Runtime analysis is, in the simplest terms, a way of looking at how fast a certain algorithm executes. For this, we can use Big O notation, expressed as O(f(n)), where f(n) is a function that describes how fast (or slow) the program runs in the worst case scenario. f(n) may be one of several different functions including c (constant), n (linear), n^2 (quadratic), logn, 2^n, and many more.
Having a runtime of O(c) is the best possible outcome, since it means that the time the algorithm takes to execute remains the same no matter what arguments are passed to the algorithm. One example may include:
def constant(s):
if s is not None:
print(s)
where the execution of function is independent of s.
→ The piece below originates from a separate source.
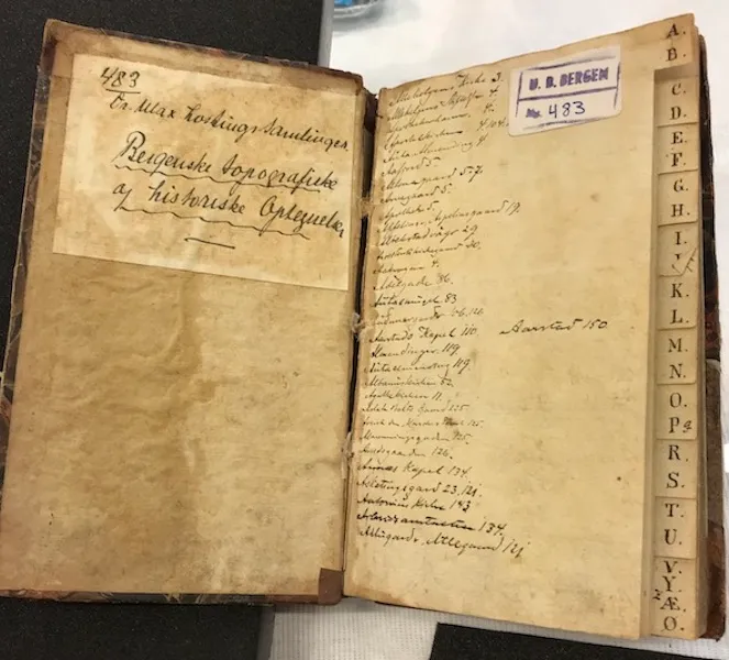 Denne søte lille boken her er ikke stort større enn en adressebok eller almanakk. Tittelen på boken er «Dr. Max Lostings samlinger: Bergenske topografiske og historiske optegnelser». Den er tilgjengelig ved UiB Manuskriptsamlingen, Ms 483 / ubb-ms-0483. Denne Max er sannsynligvis den bergenske legen Max Johan Losting, født i 1841 og død i 1911. Han var i tillegg sterkt historisk og kunstnerisk interessert.

Runtimes with n raised to some number are usually determined by the number of for loops that are nested within each other. In these cases, the speed can be directly proportional/linear (O(n)), double (O(n^2)), triple (O(n^3)), or even greater depending on what f(n) is. Of course, the higher the power, the slower and more inefficient the algorithm is. An interesting runtime is that of O(log n). In class, we discussed a search function for a binary search tree of runtime O(log2 n) that continuously halves the size of the argument with each iteration, thus reducing the impact of large inputs on execution time. In contrast to O(c) being the best outcome, O(n^n) is the worst.
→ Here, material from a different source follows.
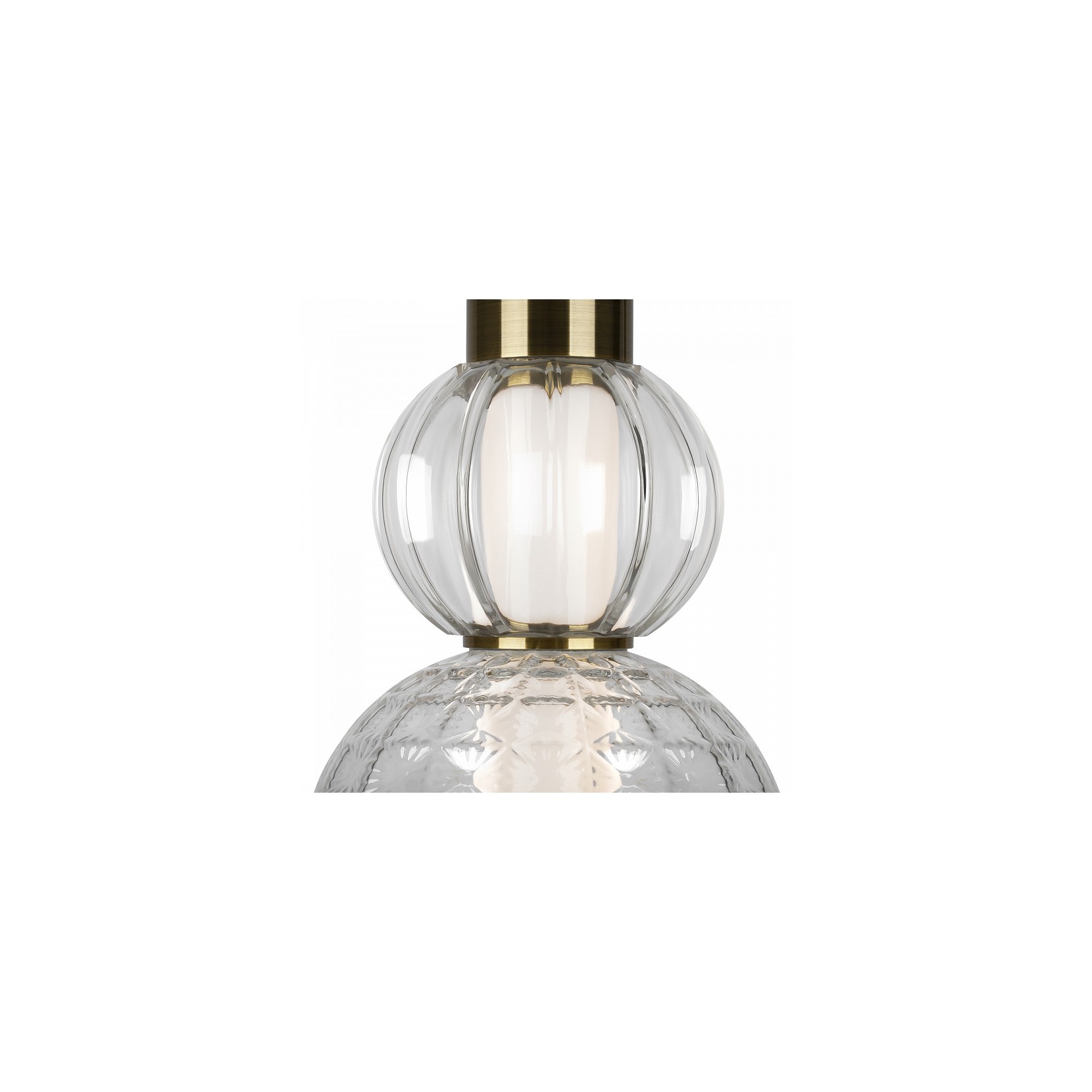 La suspension COLLAR dune élégance particulière voit la combinaison de 3 types : verre transparent avec un dessin vertical, verre opale et une sphère avec un motif géométrique transparent. La hauteur de Collar est réglable par la longueur de la corde.

As a final note, I found it weird (but understandable) that only the slowest component of f(n) mattered in determining the overall efficiency of the algorithm. For example, an algorithm with runtime 3n^4 + 7n^3 + 1 would be O(n^4); the constants and "lower" factors get dropped off. My only question is would there be some situation in which the other factors actually made a difference when comparing functions? I guess in the end only the fastest-growing factor would have a dramatic impact in execution speed, but I would like to know more about this topic in the future.